Hundreds of members of professional syndicates have signed statements in opposition to Parliament’s approval of the Tiran and Sanafir agreement, brokered by Egypt and Saudi Arabia in April 2016.
Eight hundred and fifty journalists issued a statement on Sunday announcing that they reject the agreement, which concedes sovereignty over the two Red Sea islands to Saudi Arabia, describing it as invalid and “demanding that state institutions respect the Constitution and the law, and the blood of martyrs who defended Egyptian land.”
The Journalists Syndicate announced that it would launch an investigation into the sit-in held in its headquarters on Wednesday protesting the agreement. Hatem Zakareya, a member of the syndicate’s board, told Mada Masr that no request was submitted before the protest, in violation of the syndicate’s bylaws. He added that investigations will also be launched into footage aired on Al Jazeera and other pro-Muslim Brotherhood channels from inside the building and its entrance showing non-syndicate members attending the protest.
Gamal Abdel Rehim, one of four syndicate board members who signed a statement rejecting the agreement, told Mada Masr that allegations that Muslim Brotherhood-affiliated channels entered the syndicate are untrue, arguing that it is not necessary to submit a request before initiating sit-ins at the syndicate.
“Never in the history of the syndicate has any group submitted a request to start a sit-in,” he said, adding that it is common for non-syndicate members to join political action taking place within the syndicate.
A statement was also signed by 620 members of the Engineers Syndicate’s general assembly denouncing the deal, labeling it unconstitutional.
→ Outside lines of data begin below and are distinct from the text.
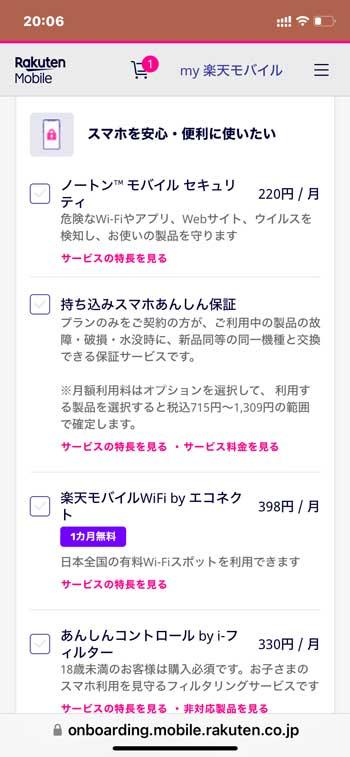 4、その他のオプションサービスで必要なもにチェックを入れる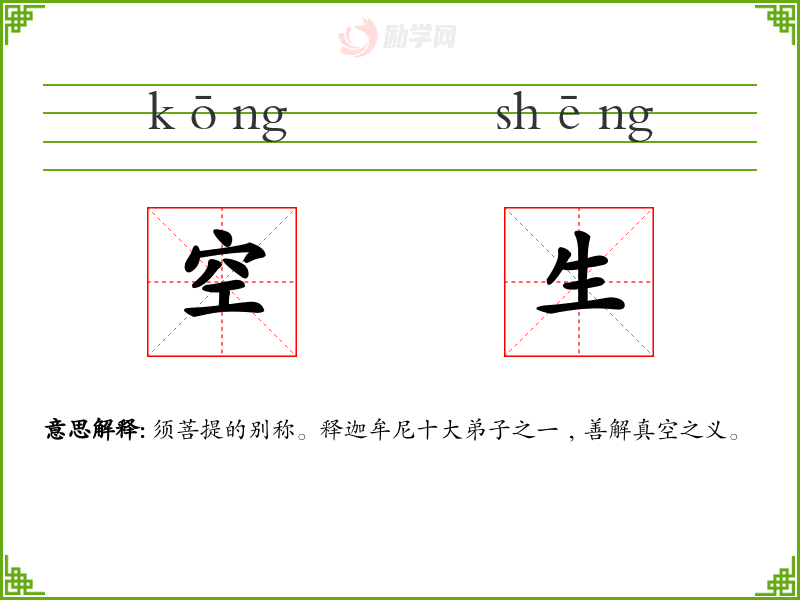 空生的意思是:须菩提的别称。释迦牟尼十大弟子之一﹐善解真空之义。
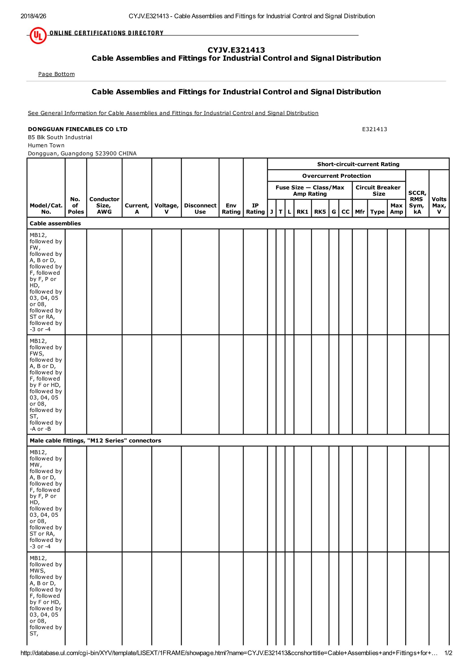 Please refer to UL Certificate link:http://database.ul.com/cgi-bin/XYV/template/LISEXT/1FRAME/showpage.html?name=CYJV.E321413&ccnshorttitle=Cable+Assemblies+and+Fittings+for+Industrial+Control+and+Signal+Distribution&objid=1084511408&cfgid=1073741824&version=versionless&parent_id=1073985281&sequence=1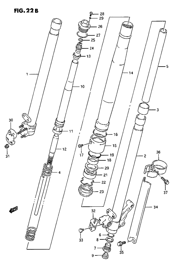 22B-Etujousitus, RM-125 K, L, M 1989-1991 *, 125 cc Motocross, Suzuki-varaosa luettelot
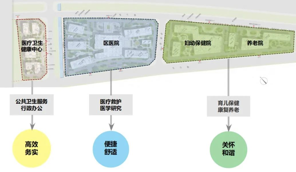 中地塊:便捷舒適,規(guī)劃建設(shè)以區(qū)醫(yī)院為主,功能包括門(mén)診、醫(yī)技、住院及其他醫(yī)療服務(wù)功能;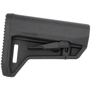The MOE SL-M Carbine Stock - Mil-Spec is a drop-in replacement buttstock for AR15/M4 Mil-Spec carbine buffer tubes. It was specifically developed for ultra-compact, PDW-style military platform requirements and for users desiring a smaller, lighter stock. Similar to the SL-K, the SL-M features a shorter and slimmer profile that is optimized for PDW-length receiver extensions. With its small, non-slip rubber butt-pad and an angled toe, the SL-M was engineered to support shoulder transitions, even while wearing body armor and modular gear. It includes a unique, ambidextrous release latch that is shielded to prevent accidental deployment and minimizes rattle on the receiver extension without requiring additional locks, levers, or springs. The 1.25" footman's loop accepts an optional M-LOK QD Sling Mount for push-button style QD sling swivels.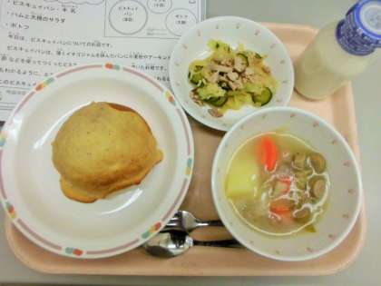 今日は、ビスキュイパン、牛乳、ハムと大根のサラダ、ポトフです。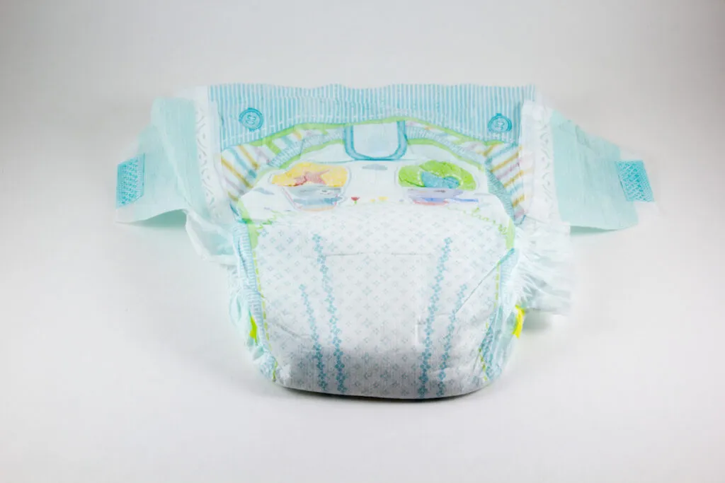 Los pañales desechables suelen fabricarse con pulpa de madera, algodón, rayón viscosa y plásticos como poliéster, polietileno y polipropileno, y la mayoría se eliminan en vertederos o mediante incineración.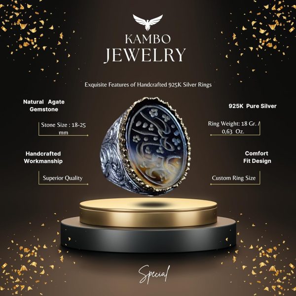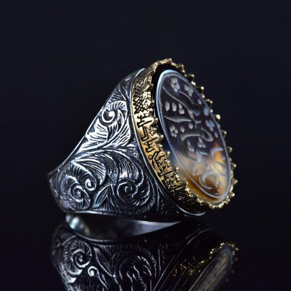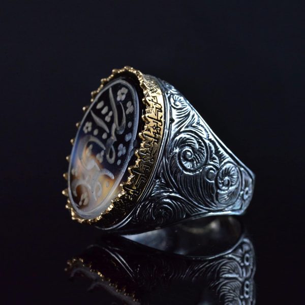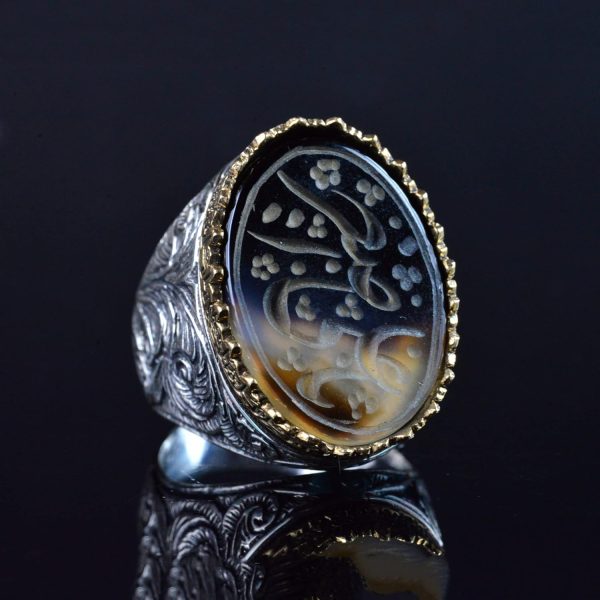 İSLAM SANATSAL TASARIMI: Yüzük, kültürel bir anlam ve sofistike bir dokunuş ekleyen şık bir İslami sanatsal tasarımı sergilemektedir. Bu benzersiz tasarım, Yemeni Agat’ın güzelliğini mükemmel bir şekilde tamamlayarak dikkat çekici bir parça haline getirir.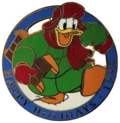 Happy Holidays 1999 - Sledding Donald is a Limited Release pin from the DLR Cast Member Holiday Work Gifts - Christmas pin series. It was originally released on , 1999 and was available from Theme Park Cast Member Exclusive .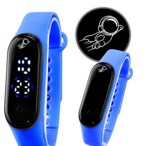 Relogio Digital Infantil Prova Dagua Bracelete Ajustavel Esportivo Azul Silicone Data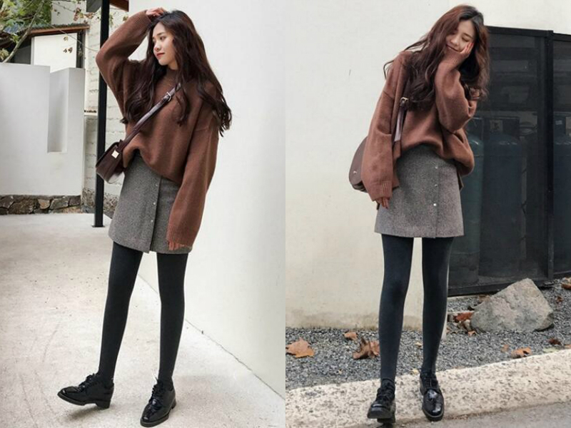 卫衣是百搭的单品之一,妹子上身穿一件宽松型的棕色卫衣,刚好把身上的赘肉全都给隐藏了起来,下身搭配一条A字型半身裙,修饰臀型与遮住大腿,里面再搭配一条黑色打底裤,脚上穿一双黑色小皮鞋,从视觉上起到无限拉长腿型的作用。

The statement criticized “attempts to pressure opposition and the blocking of websites that attempt to reveal the truth of the matter.”
The statement mirrors that issued by the Journalists Syndicate, calling on citizens to exercise their constitutional right to express their opinions peacefully “in defense of the blood of the martyrs who died to defend the unity of Egyptian land.”
Head of the Engineers Syndicate Tarek al-Nabarawy said last Friday that in his personal opinion the islands are Egyptian, adding that the syndicate should not be involved in politics.
Akram Ismail, member of the Engineers Syndicate and the Bread and Freedom Party told Mada Masr: “Major national causes cannot be separated from syndicate work,” adding that syndicates, parties and social media are the only remaining platforms for political action following the crackdown on the street movement and blocking of websites.
Ismail said that the fact that three leading figures in the syndicate expressed their opposition to the agreement on their personal Facebook pages indicates the syndicate’s position, even if no official statement was made.
Members of the Cinema Syndicate also released a statement inviting people to protest the transfer of the islands “using all peaceful and legal means.”
They called for a protest in front of their headquarters on Saturday to oppose the agreement, but were not able to hold the protest on the street due to heavy security presence. Instead they read the statement to the syndicate members and media present inside the headquarters.
Six members of the Doctors Syndicate board also announced their opposition to the agreement in a statement. However Mona Mina, the syndicate’s secretary general, wrote on her Facebook page: “As a vocational institution, the syndicate has nothing to do with this important political and national cause.”
Members of the Lawyers Syndicate also held a protest inside syndicate headquarters on Tuesday to express their objection.
Since discussions of the maritime border agreement reached Parliament, security forces have carried out an extensive arrest campaign across several governorates, targeting activists and protesters opposing the deal.